Nothing remained of the girl who, for a brief moment in the past, we thought was so incredibly cool. The bouts of hysteria that seemed kind of charming back then, kind of French, became embarrassing and troubling. Tuli also forbid our friend from maintaining his relations with us, and when he insisted on getting together with someone from the old gang once every few months, she imposed a veto on traveling to Tel Aviv and insisted that we come to them for coffee and a homemade cake that was just to die for. She didn't care that we were all broke, car-less students for whom making the trip to Netanya in the evening was on a par with the Exodus from Egypt. Not to mention that the three-babies-in-a-cradle card, which she invariably played, was a winning one.
So once in a blue moon we made the trip to Netanya, in the hope of snatching a few quality minutes with our friend, who had traded in the morbid sense of humor that had always endeared him to us for infantile jokes and Talmudic anecdotes. To our surprise, this was still the pleasurable part of the evening. The rest of the time, we had to confront, face-to-face, the monstrous suburban inferiority complex that Tuli had nurtured like a pet.
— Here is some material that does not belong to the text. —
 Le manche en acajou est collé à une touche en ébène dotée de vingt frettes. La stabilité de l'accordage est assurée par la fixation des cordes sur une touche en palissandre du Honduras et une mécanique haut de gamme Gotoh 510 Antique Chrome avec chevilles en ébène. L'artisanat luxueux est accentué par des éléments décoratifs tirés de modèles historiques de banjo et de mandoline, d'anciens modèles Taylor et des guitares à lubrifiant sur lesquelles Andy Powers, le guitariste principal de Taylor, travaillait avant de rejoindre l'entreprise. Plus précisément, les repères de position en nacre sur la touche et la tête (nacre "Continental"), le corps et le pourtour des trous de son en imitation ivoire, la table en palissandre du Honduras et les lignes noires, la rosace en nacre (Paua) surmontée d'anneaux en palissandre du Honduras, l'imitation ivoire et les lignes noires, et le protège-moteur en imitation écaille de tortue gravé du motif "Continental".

"So," she interjected, coming out of the kitchen for a moment. "How do they drink coffee in the big city these days? In a big mug or a small one?" She waved mugs of various sizes at us. "Small is fine," I replied with casual politeness, an answer that only got me into a lot more trouble. "I see," she said, the hurt and anger palpable as she went back into the kitchen.
"Did I say something wrong?" I asked our friend, who shrugged his shoulders. But then Tuli came out again. "Which coffee do you drink there in Tel Aviv in the small mug?" she asked, her bottom lip trembling. "I'm sorry, but we don't have a cappuccino machine. Here we drink only instant coffee with milk, or Turkish coffee." This was the moment when I should have done one of two things: A) hurl a vase at her head; or B) shut my husband up. Since I didn't do either, my husband innocently asked, "Which instant do you have?" And Tuli answered: "Regular Elite instant coffee. I'm sorry, but we don't keep all kinds of fancy flavors here like forest-nut or halvah."
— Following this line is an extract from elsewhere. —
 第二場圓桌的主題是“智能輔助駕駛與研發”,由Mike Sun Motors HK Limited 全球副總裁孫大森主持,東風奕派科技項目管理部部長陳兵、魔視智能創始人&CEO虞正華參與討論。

Over the years, the visits have become increasingly rare. The situation became intolerable when my husband started his doctoral studies and I got a little famous. For Tuli and her pet suburban inferiority complex, I became a Hollywood star and my husband a condescending intellectual who has no idea what's happening in the world.
"So how are things in high society? What's new with Yael Bar-Titty?" she'd mockingly ask me. "Oh, well, you're too smart for me," was her regular remark to my husband, along with, "It's very easy to talk that way when you're sitting up in your ivory tower."
Each time we met, we had to listen to more comments from her about the air pollution in Tel Aviv, about how dangerous it is there, how there are so many homeless people and it's so filthy, and about how there are so many charlatans and draft dodgers, and that she would never consent "to have her children go to the 'arts' school or the 'democratic' school or any of that snobby northern Tel Aviv rubbish, which is the reason the country looks the way it does and why we're not really going after them in Gaza and getting it over with."
Eventually, we completely lost all connection with them, and no one had heard anything from them in the past decade, until recently, when one friend heard from another friend that they had divorced. Tuli was committed after she went to the mini-market naked and demanded a celebrity discount because she was Yael Bar-Zohar. And our friend moved with the children to Tel Aviv.